Blonde Redhead im Gespräch

Seit fast einem Vierteljahrhundert gibt es diese Band bereits. Blonde Redhead gelten als Wegbereiter des Dream Pop, auch wenn Gitarrist Simone Pace nicht wirklich viel von einschränkenden Genre-Begriffen hält, wie er im Interview anlässlich der neuen EP »3 O’Clock« verriet.
Geschrieben am
2016 habt ihr eine Box mit frühen Aufnahmen veröffentlicht und eine Reihe von Konzerten gespielt, deren Setlist sich schwerpunktmäßig dem 2004er Album »Misery Is A Butterfly« widmete. Warum habt ihr euch dazu entschieden, dem alten Material einen neuen Besuch abzustatten? Wie hat sich der Trip in die Vergangenheit angefühlt?
Was die Box angeht, so wollten wir, dass sie nicht verloren gehen und das Label hätte mit den Aufnahmen nichts mehr angestellt. Glücklicherweise konnten wir sie zurückkaufen und zusammen mit dem Label Numero Group neu rauszubringen. »Misery« mit einem Streicher-Ensemble zu spielen, ist eine wundervolle Erfahrung und es war ein absoluter Traum, dass wir es zusammen mit Eyvind Kang und dem ACME Ensemble umsetzen konnten. Ich persönlich komme mit den Anfängen unserer Band ebenso klar, wie mit den einzelnen Phasen unseres musikalischen Lebens insgesamt. Es gibt nichts zu bedauern, daher war der Trip in die Vergangenheit möglich.

Die neue EP »3 O’Clock« soll aus Liedern bestehen, die ihr in eurer Sammlung gefunden habt. Wie war es, mit diesen wiedergefundenen Stücken zu arbeiten?
Wir waren entspannter und lockerer, als wir uns an die Aufnahmen dieser Songs machten, eine vollkommen andere Erfahrung, als wenn wir für ein Album ins Studio gehen. Der Druck war minimal. »Give Give« ist ein verschollenes Lied aus der Zeit von »Penny Sparkle« (2010), das wir wiederfanden. Das war eine große Überraschung, aber das wirklich Erfrischende waren der Songwriting-Prozess und die tatsächlichen Aufnahmen. Es war einfach intimer.

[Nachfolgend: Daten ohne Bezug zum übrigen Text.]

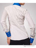 Детали: отложной воротник не небольшой стойке, длинные рукава с широкой манжетой, застежка классическая на пуговицах.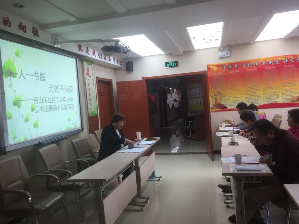 南山东社区积极在广大职工、居民中营造“爱读书、好读书”的氛围,通过建立社区图书角,购买各种专业书籍,以满足各类人群的阅读需求,并开展“每季读一本好书”等活动。此次电子读书卡的发放,与实体图书角的建立形成了有机的结合,实现了广大职工、群众指尖上阅读,为大家提供了获取信息、提高素质、提升技能的网络学习平台,让职工、居民享受“一人一书屋,无处不阅读”的数字阅读新体验。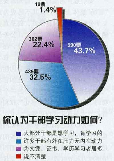 在學習中的形式主義,受調查者詬病較多。“一些干部學習違背要精要管用的原則,布置學習任務不從實際出發,組織考試弄虛作假!薄皩W習政治理論,學而不信,學而不用,空對空,走過場。為考試、為文憑、為升遷,學習目的就不端正。”等等。中國延安干部學院第5期省區市地廳級領導干部專題研究班學員表示。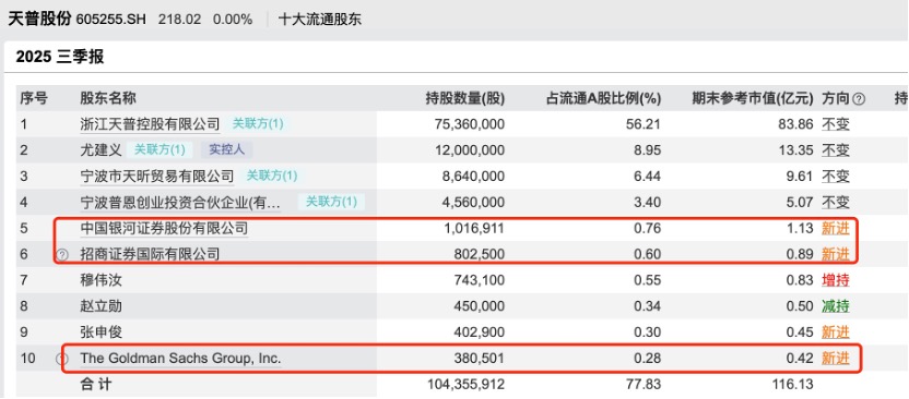 截至2025年三季度末,新晋前十大流通股的机构投资者分别是中国银河(持股占比0.76%)、招商证券国际(持股占比0.6%)以及高盛集团(持股占比0.28%)。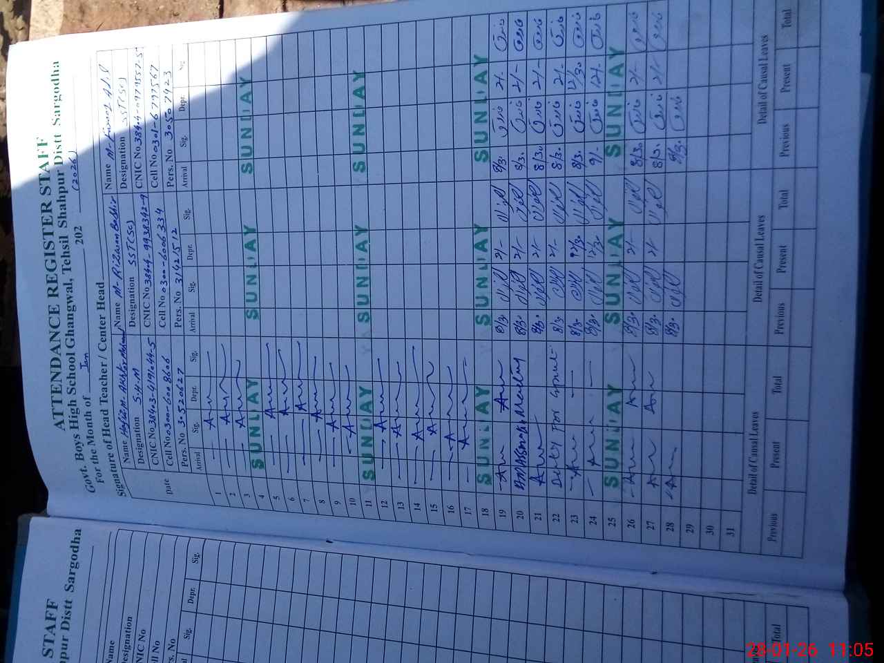 | CNIC | Full Name | Designation | R/C | Absence during last cal. month |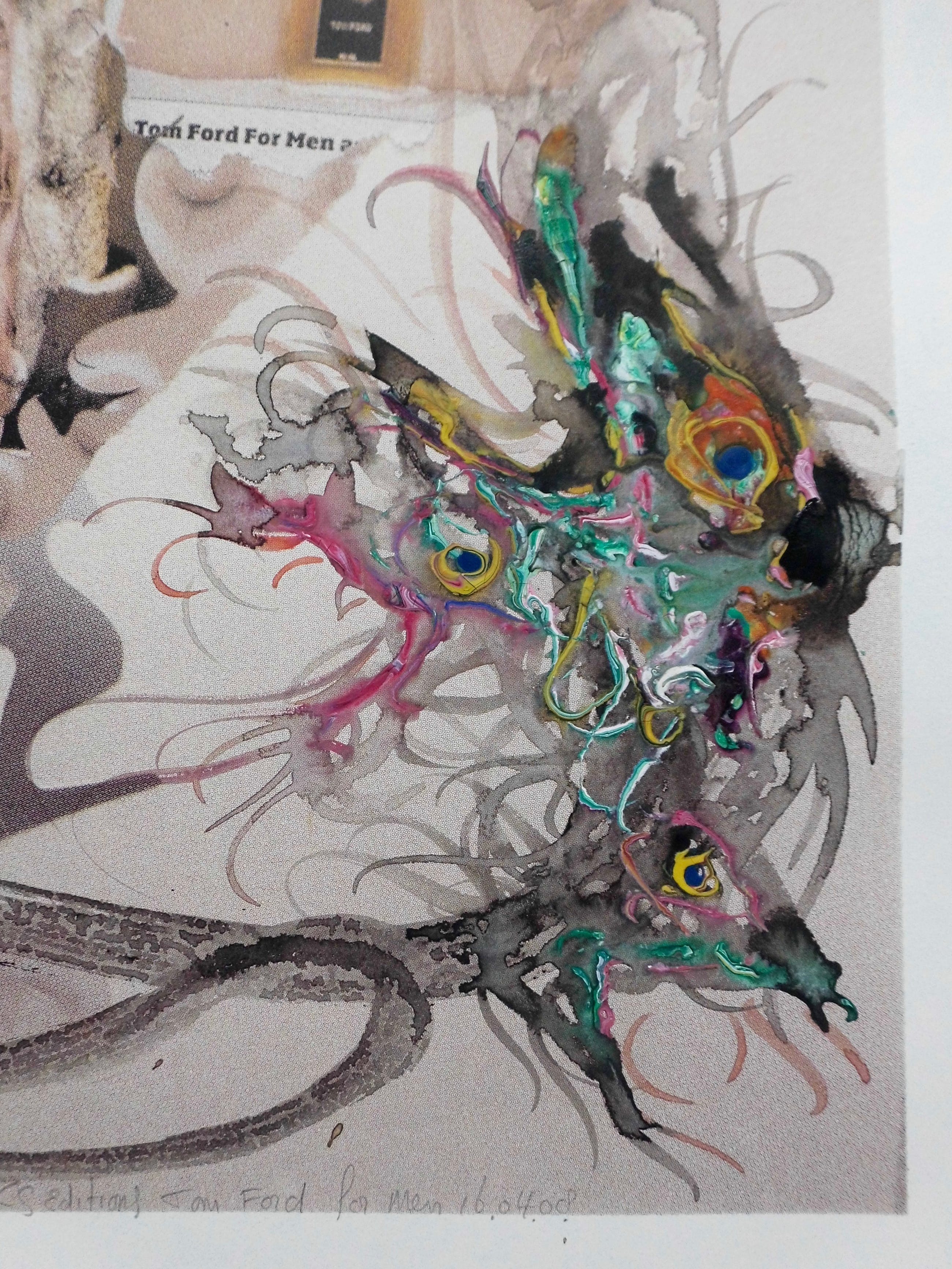Op deze zeefdruk, uitgevoerd in full colour, reageert de bekende kunstenaar Marc Mulders kritisch op de cosmetische industrie. Deze kritiek versterkt hij met demonische figuren als draak en slang, symbool voor het kwaad. Deze figuren zijn door Mulders handmatig veelkleurig met aquarel toegevoegd aan het bestaande beeld. We zien dus een zeefdruk, voor Mulders gedrukt bij C.S. Editions in Eindhoven, met daar overheen een veelkleurige, handmatig aangebrachte aquarel! Het betreft dus een UNIEK EXEMPLAAR!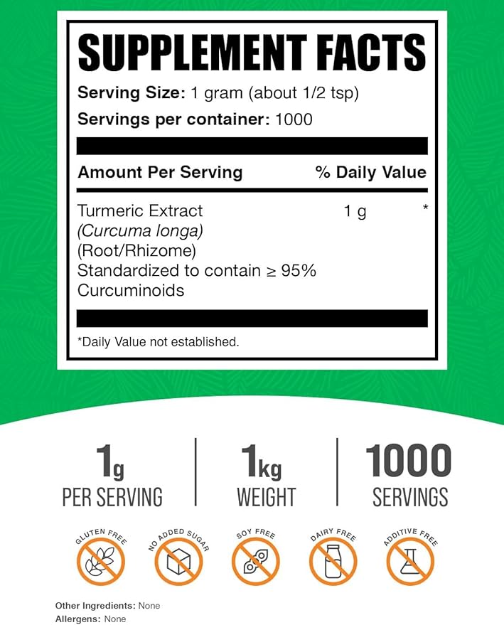 BulkSupplements.com Turmeric Extract Powder - from Turmeric Root, Curcumin Supplements 1000mg, Turmeric Curcumin Powder - Gluten Free, 1000mg per Serving, 1kg (2.2 lbs) (Pack of 1)
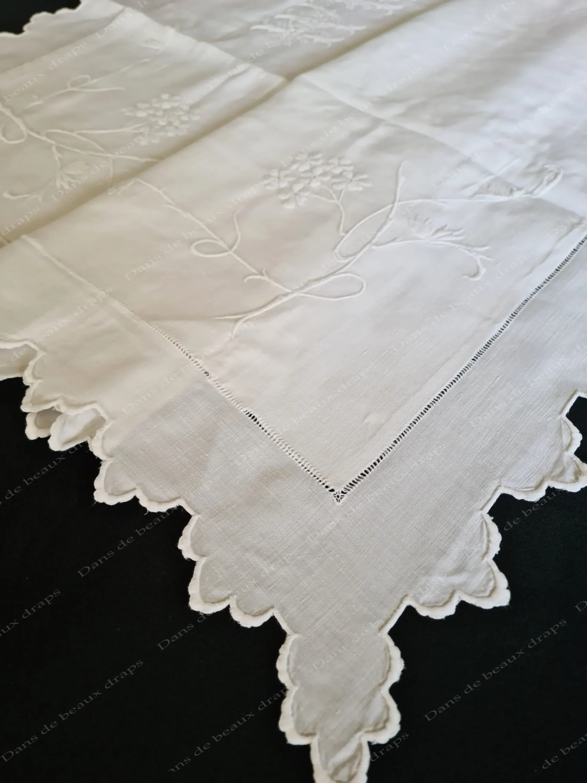 Superbe volant festonné sur les 4 cotés et petit jour échelle sur le tour.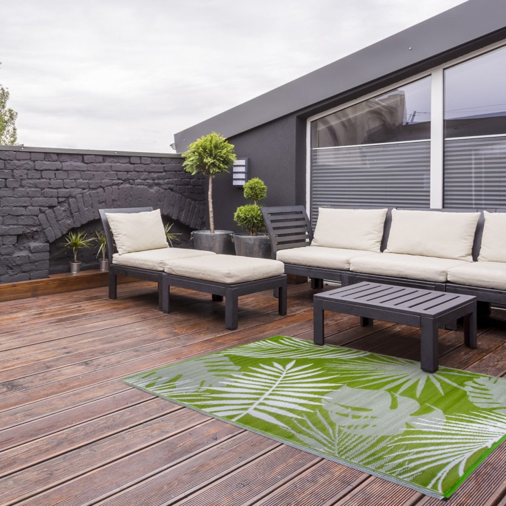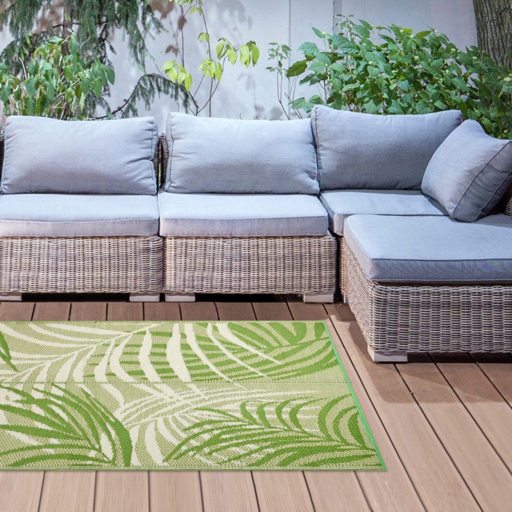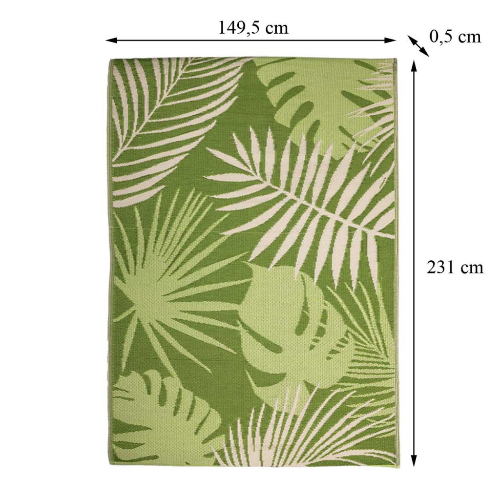 Koberec Jungle o rozměrech 149 × 231 cm je navržen pro použití v exteriéru – ideální na terasu, balkon nebo zahradu . Vyroben z odolného polypropylenu , výborně odolává povětrnostním vlivům, je trvanlivý a snadno se čistí , díky čemuž je vhodný pro každodenní používání venku.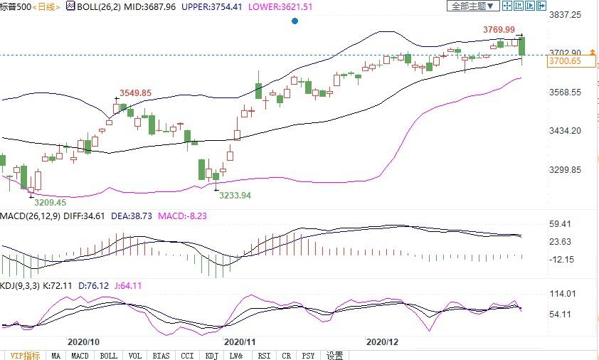 1月4日(周一),市场分析师JeffCox撰文指出,进入2021年,华尔街迎来了多年来最糟糕的首个交易日,通胀加剧现象、民主党可能大获全胜以及疫苗推出缓慢都是背后的原因。如果通胀上升速度超过预期,对投资者来说可能是有害的。不过,美联储埃文斯称平均通胀需要很长时间才能达到2%,在相当一段时间内必须保持宽松。整体来看,美股短期面临回调风险,但中长期或仍有冲高机会。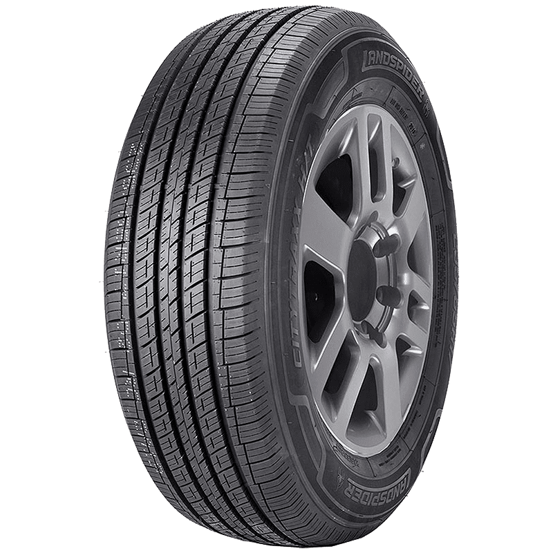 Designed for use on light trucks and SUVs that carry heavier loads, the CityTraxx H/T from Landspider is an all-season highway terrain tire. Built with extra siping that improves braking and wet grip capabilities, the CityTraxx H/T’s optimized design reduces road noises to create a quiet, comfortable ride. – Features include: Highway tread; Black sidewall; Designed for use on light trucks and SUVs; Claw-shaped design within the tread improves grip on mud and loose soil; Optimized design reduces road noises to create a quiet, comfortable ride – 215/65R17 99H Landspider CityTraxx H/T Passenger All Season Tires, part number CHT009 | Landspider CityTraxx H/T All Season Tires in Blackwall, 215/65R17 99H | SimpleTire

Zudem war es etwas sehr Besonderes für uns, dass Mauro Refosco (Atoms For Peace) die Percussions ergänzte.

Gibt es in eurer Sammlung viele unveröffentlichte Stücke oder halbfertige Ideen?
Es gibt viele Ideen, aber keine unveröffentlichten Lieder. Wir sind keine besonders produktive Band und betonen daher fast immer, dass wir nie genug Stücke für ein Album haben. Da bleibt also nicht viel auf der Strecke.
Vor rund 20 Jahren habt ihr zusammen mit einigen anderen Bands einen Klang entwickelt, der später Dream Pop genannt wurde. Versteht ihr euch als Pioniere dieses Genres? Mögt ihr überhaupt diese Bezeichnung?
Wir verpassen unserer Musik nie ein spezielles Etikett und versuchen solche Beschränkungen von uns fernzuhalten, die Menschen einen falschen Eindruck von unserer Band vermitteln können. Dream Pop ist aber schon ok, da fielen mir durchaus schlimmere Bezeichnungen ein.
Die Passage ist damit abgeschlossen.